- Opening Delimiter -
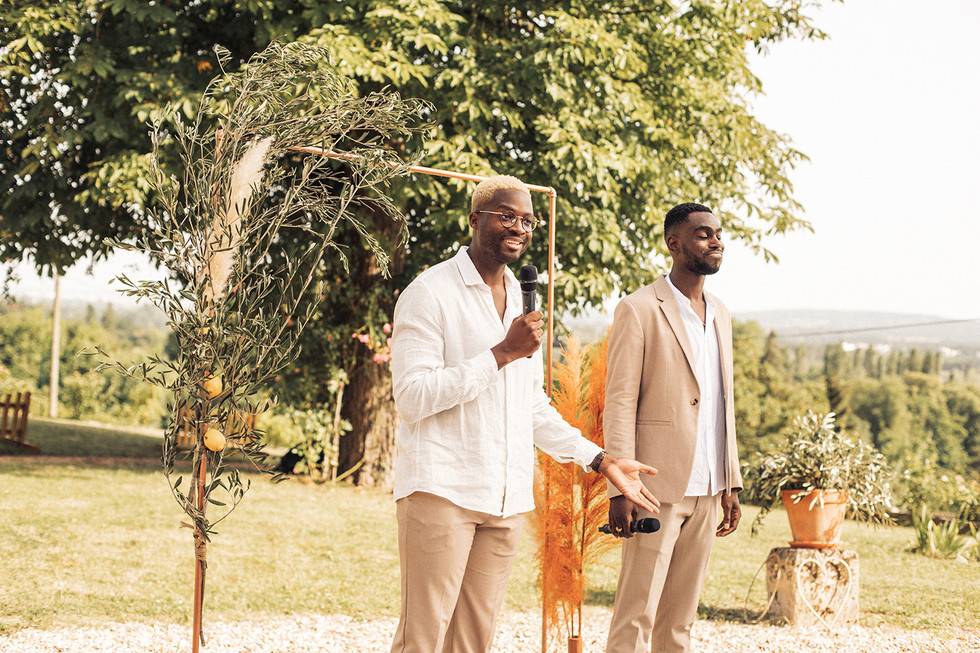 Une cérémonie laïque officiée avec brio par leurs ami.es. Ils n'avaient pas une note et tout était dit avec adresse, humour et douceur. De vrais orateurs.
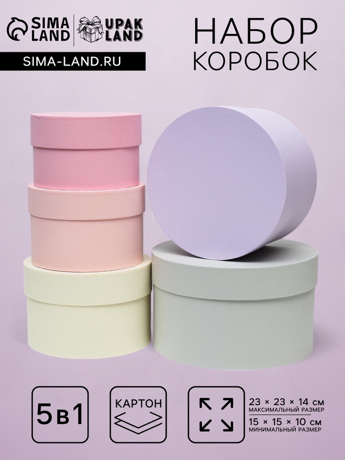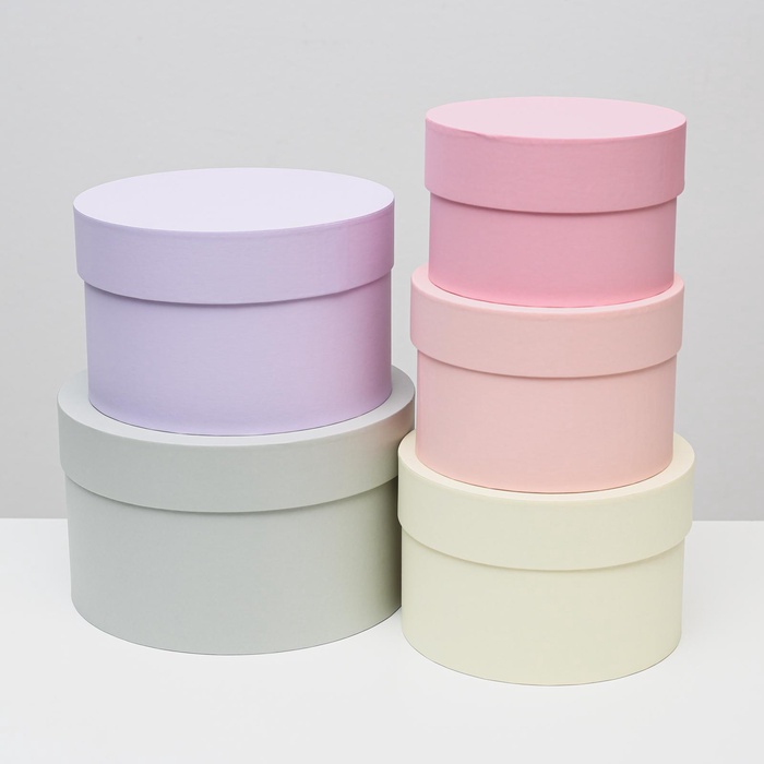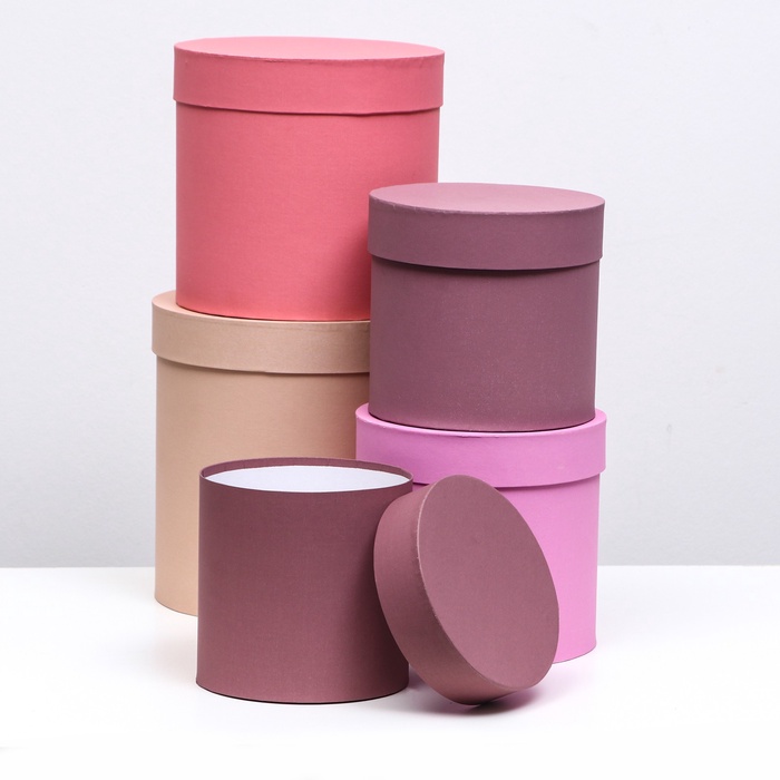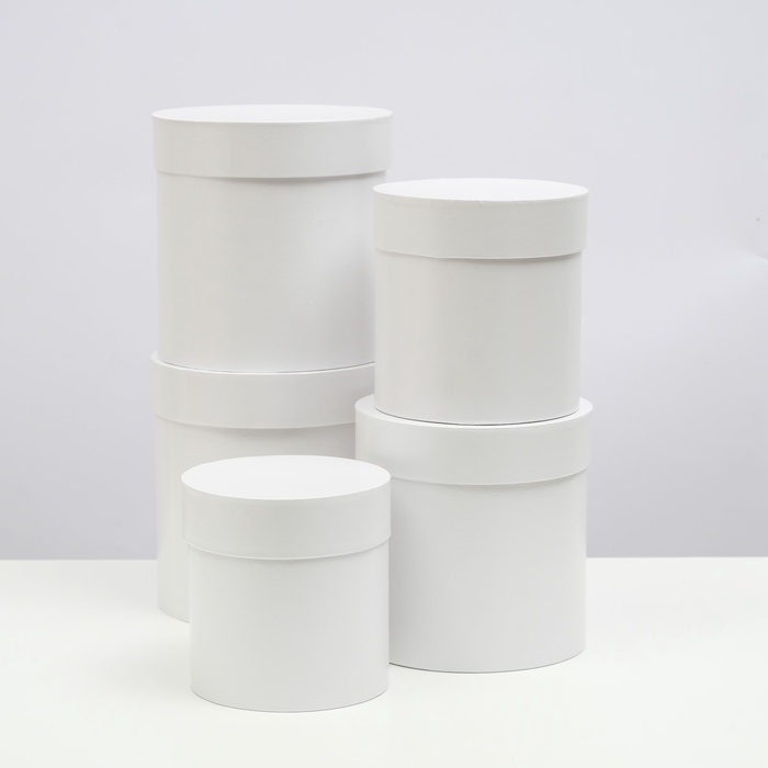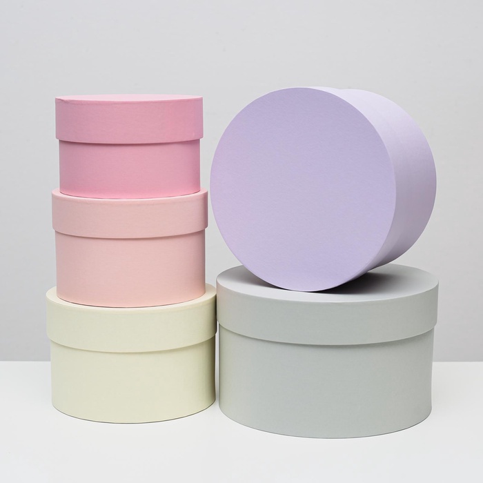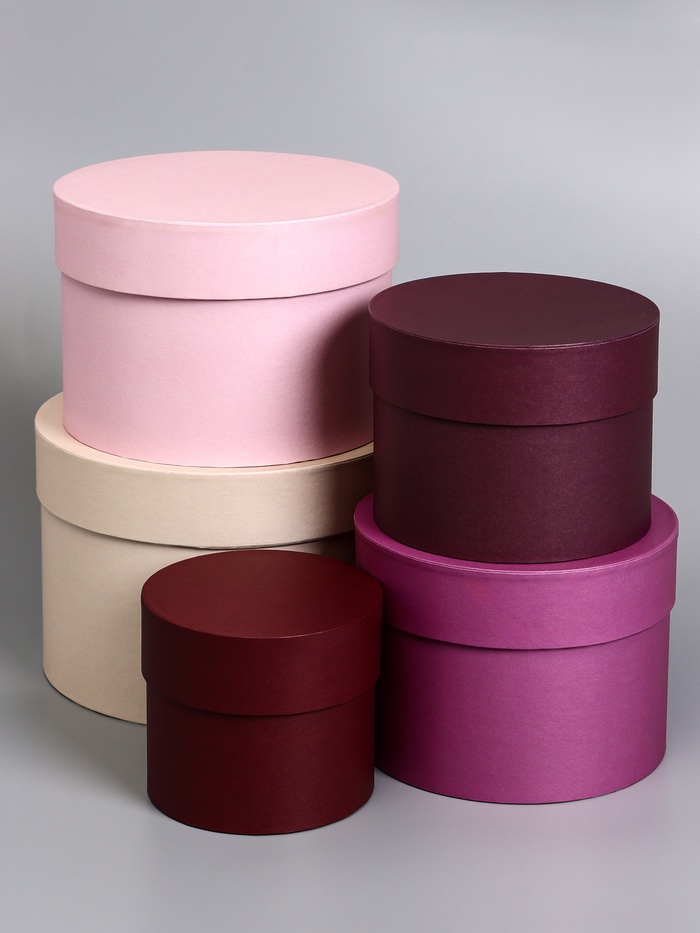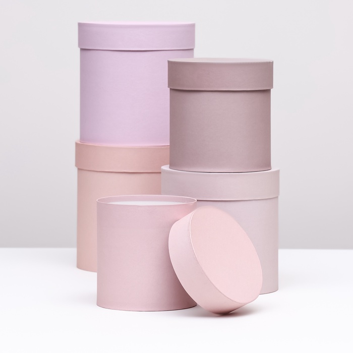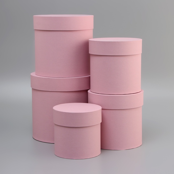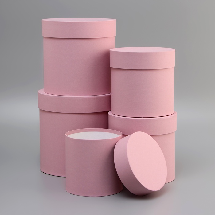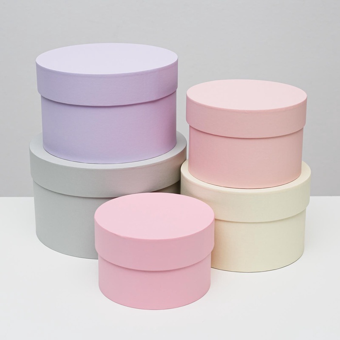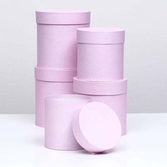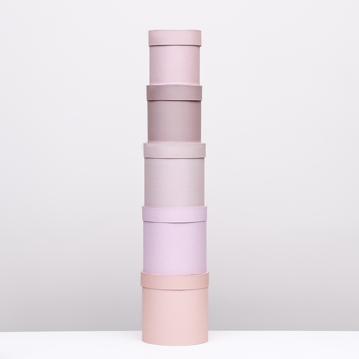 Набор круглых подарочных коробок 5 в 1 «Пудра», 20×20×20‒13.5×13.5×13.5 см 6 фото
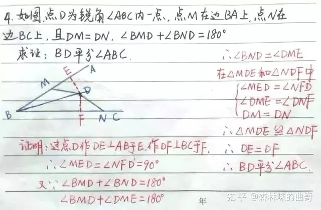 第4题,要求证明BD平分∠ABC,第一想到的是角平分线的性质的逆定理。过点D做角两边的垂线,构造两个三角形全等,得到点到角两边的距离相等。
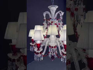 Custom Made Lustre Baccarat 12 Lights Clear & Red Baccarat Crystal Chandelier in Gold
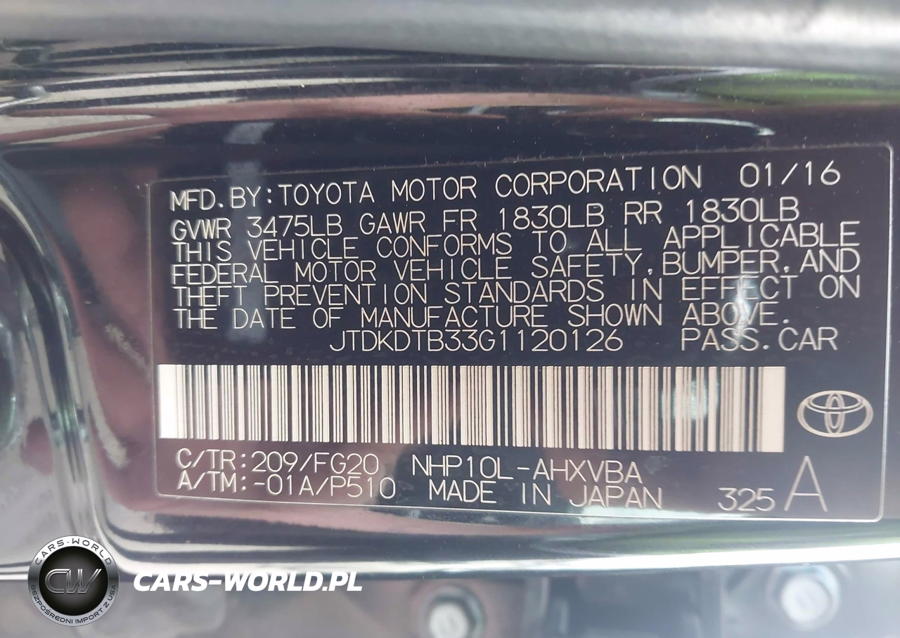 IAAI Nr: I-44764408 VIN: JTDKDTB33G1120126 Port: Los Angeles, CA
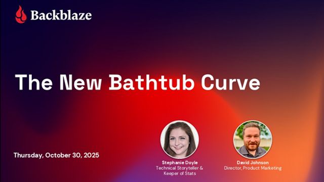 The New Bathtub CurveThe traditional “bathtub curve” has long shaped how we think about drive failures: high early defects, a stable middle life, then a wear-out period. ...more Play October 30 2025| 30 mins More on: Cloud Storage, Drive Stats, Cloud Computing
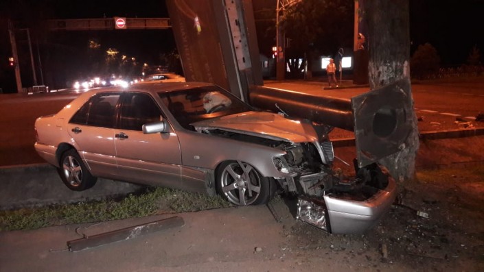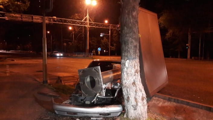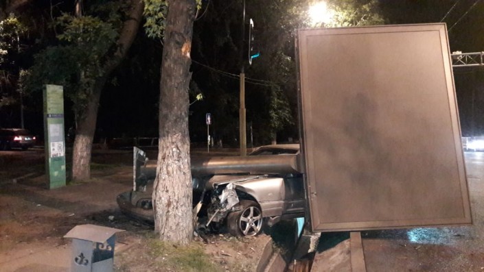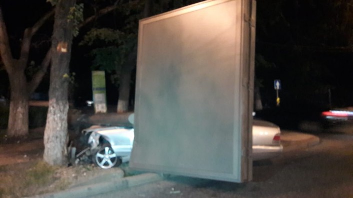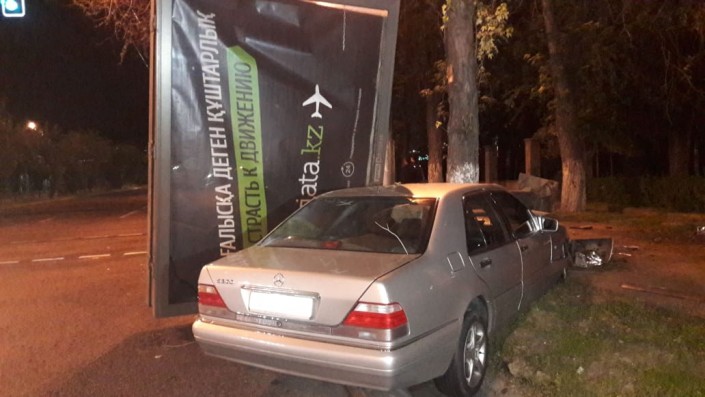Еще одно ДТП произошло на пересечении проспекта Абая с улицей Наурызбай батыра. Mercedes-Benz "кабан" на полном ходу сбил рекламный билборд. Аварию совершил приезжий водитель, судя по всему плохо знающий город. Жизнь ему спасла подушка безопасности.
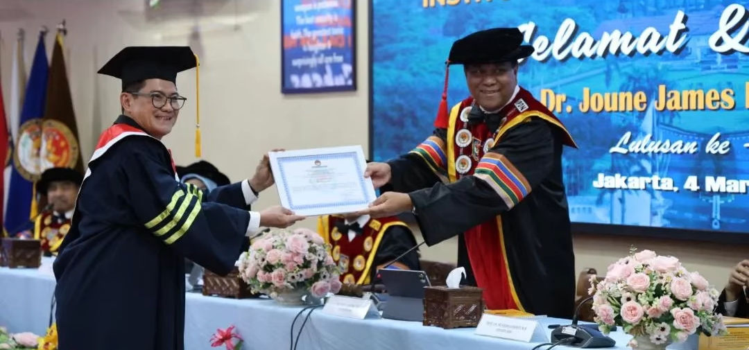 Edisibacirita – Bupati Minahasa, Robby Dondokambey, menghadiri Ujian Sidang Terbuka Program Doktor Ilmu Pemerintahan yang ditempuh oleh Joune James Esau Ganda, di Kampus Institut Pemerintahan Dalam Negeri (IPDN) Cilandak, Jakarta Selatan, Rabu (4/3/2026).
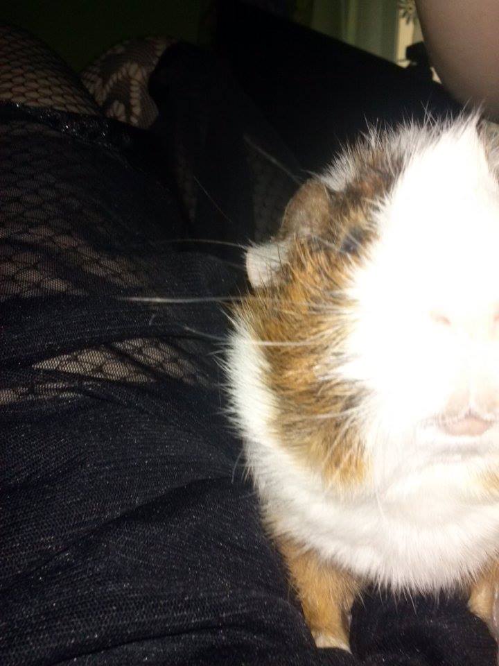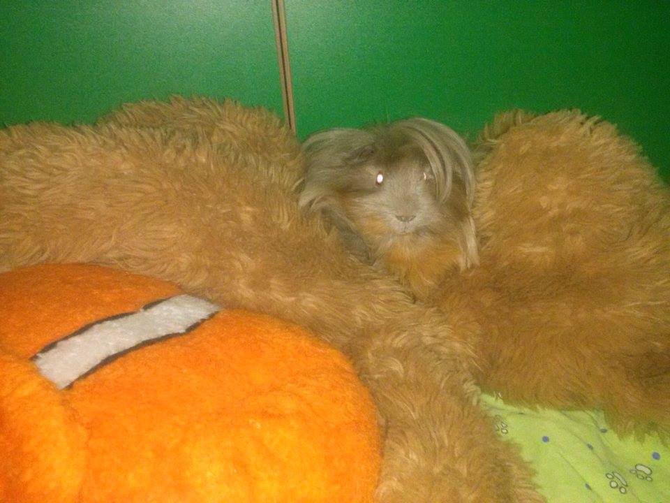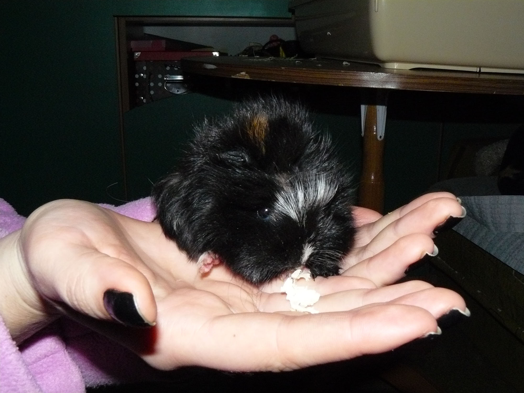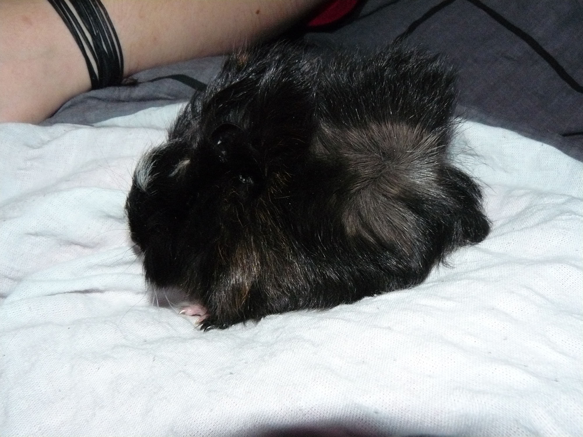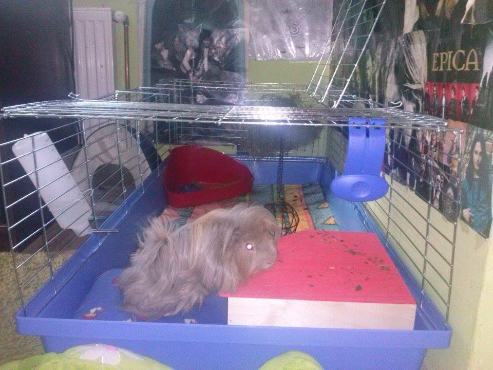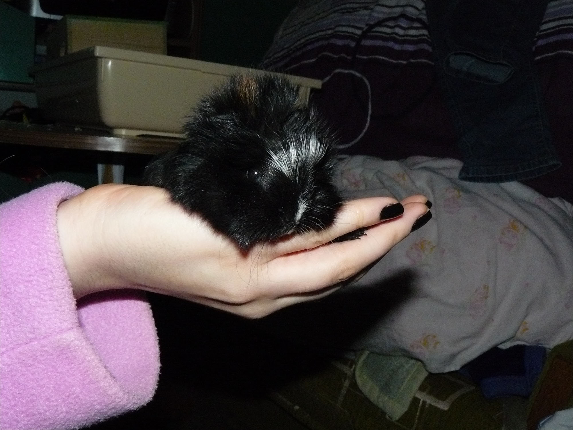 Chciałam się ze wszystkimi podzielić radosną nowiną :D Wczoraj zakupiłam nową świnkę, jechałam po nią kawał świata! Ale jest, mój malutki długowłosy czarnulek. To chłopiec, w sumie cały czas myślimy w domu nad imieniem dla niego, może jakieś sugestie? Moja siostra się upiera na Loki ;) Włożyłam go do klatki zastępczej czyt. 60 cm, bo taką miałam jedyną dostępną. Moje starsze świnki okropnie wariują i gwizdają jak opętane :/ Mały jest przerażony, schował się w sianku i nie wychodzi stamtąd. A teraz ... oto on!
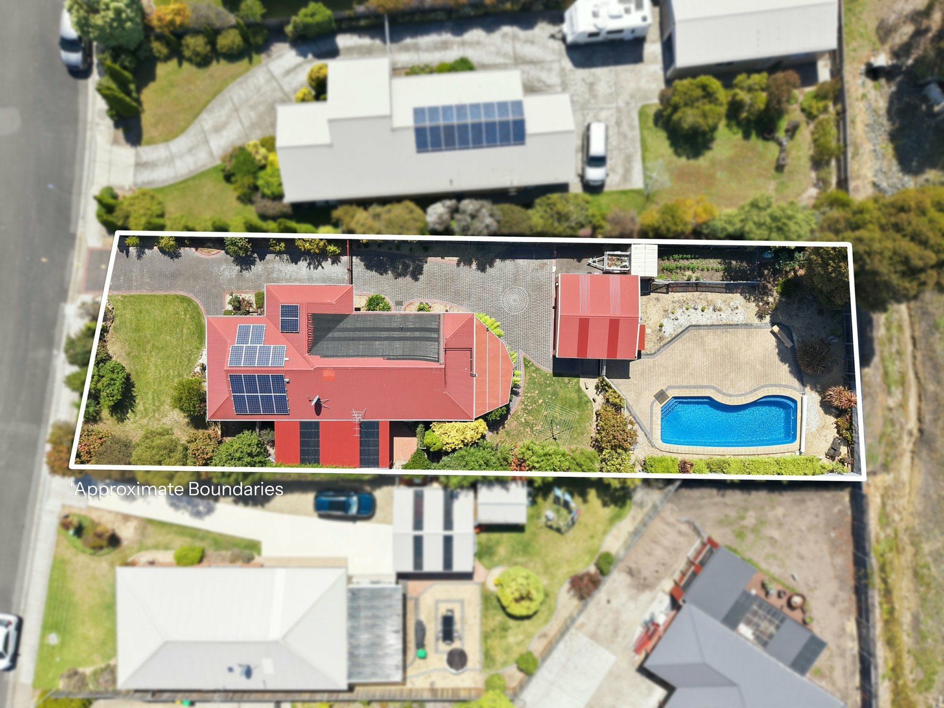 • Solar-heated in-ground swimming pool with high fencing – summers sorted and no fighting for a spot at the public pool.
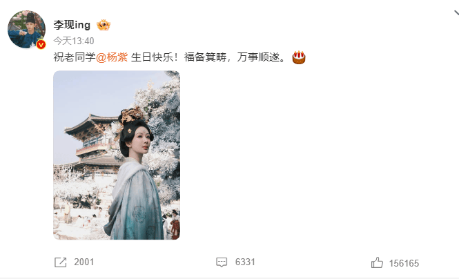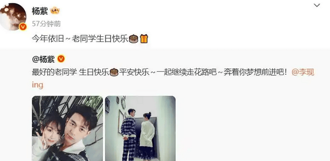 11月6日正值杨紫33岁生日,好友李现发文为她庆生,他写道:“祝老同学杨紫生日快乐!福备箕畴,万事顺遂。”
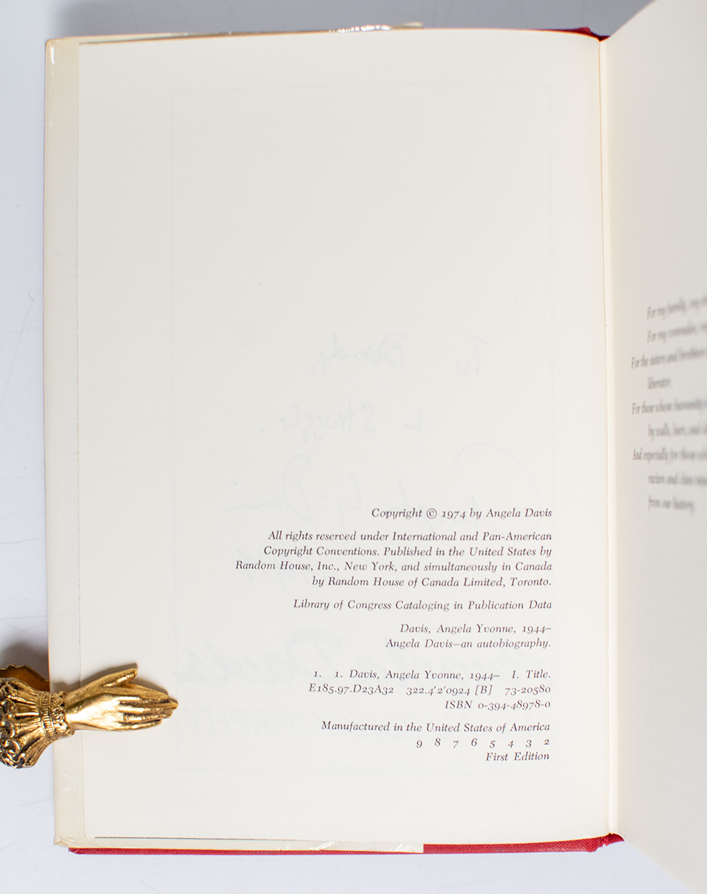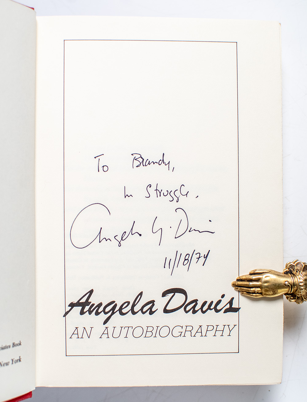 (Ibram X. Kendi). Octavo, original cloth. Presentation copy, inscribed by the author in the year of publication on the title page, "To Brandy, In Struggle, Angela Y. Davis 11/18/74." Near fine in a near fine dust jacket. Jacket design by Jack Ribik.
- Closing Delimiter -
All of the records must come back exactly as they stand, minus every picture.

 Une cérémonie laïque officiée avec brio par leurs ami.es. Ils n'avaient pas une note et tout était dit avec adresse, humour et douceur. De vrais orateurs.
 Набор круглых подарочных коробок 5 в 1 «Пудра», 20×20×20‒13.5×13.5×13.5 см 6 фото
 第4题,要求证明BD平分∠ABC,第一想到的是角平分线的性质的逆定理。过点D做角两边的垂线,构造两个三角形全等,得到点到角两边的距离相等。
 Custom Made Lustre Baccarat 12 Lights Clear & Red Baccarat Crystal Chandelier in Gold
 IAAI Nr: I-44764408 VIN: JTDKDTB33G1120126 Port: Los Angeles, CA
 The New Bathtub CurveThe traditional “bathtub curve” has long shaped how we think about drive failures: high early defects, a stable middle life, then a wear-out period. ...more Play October 30 2025| 30 mins More on: Cloud Storage, Drive Stats, Cloud Computing
Еще одно ДТП произошло на пересечении проспекта Абая с улицей Наурызбай батыра. Mercedes-Benz "кабан" на полном ходу сбил рекламный билборд. Аварию совершил приезжий водитель, судя по всему плохо знающий город. Жизнь ему спасла подушка безопасности.
 Edisibacirita – Bupati Minahasa, Robby Dondokambey, menghadiri Ujian Sidang Terbuka Program Doktor Ilmu Pemerintahan yang ditempuh oleh Joune James Esau Ganda, di Kampus Institut Pemerintahan Dalam Negeri (IPDN) Cilandak, Jakarta Selatan, Rabu (4/3/2026).
 Chciałam się ze wszystkimi podzielić radosną nowiną :D Wczoraj zakupiłam nową świnkę, jechałam po nią kawał świata! Ale jest, mój malutki długowłosy czarnulek. To chłopiec, w sumie cały czas myślimy w domu nad imieniem dla niego, może jakieś sugestie? Moja siostra się upiera na Loki ;) Włożyłam go do klatki zastępczej czyt. 60 cm, bo taką miałam jedyną dostępną. Moje starsze świnki okropnie wariują i gwizdają jak opętane :/ Mały jest przerażony, schował się w sianku i nie wychodzi stamtąd. A teraz ... oto on!
 • Solar-heated in-ground swimming pool with high fencing – summers sorted and no fighting for a spot at the public pool.
 11月6日正值杨紫33岁生日,好友李现发文为她庆生,他写道:“祝老同学杨紫生日快乐!福备箕畴,万事顺遂。”
 (Ibram X. Kendi). Octavo, original cloth. Presentation copy, inscribed by the author in the year of publication on the title page, "To Brandy, In Struggle, Angela Y. Davis 11/18/74." Near fine in a near fine dust jacket. Jacket design by Jack Ribik.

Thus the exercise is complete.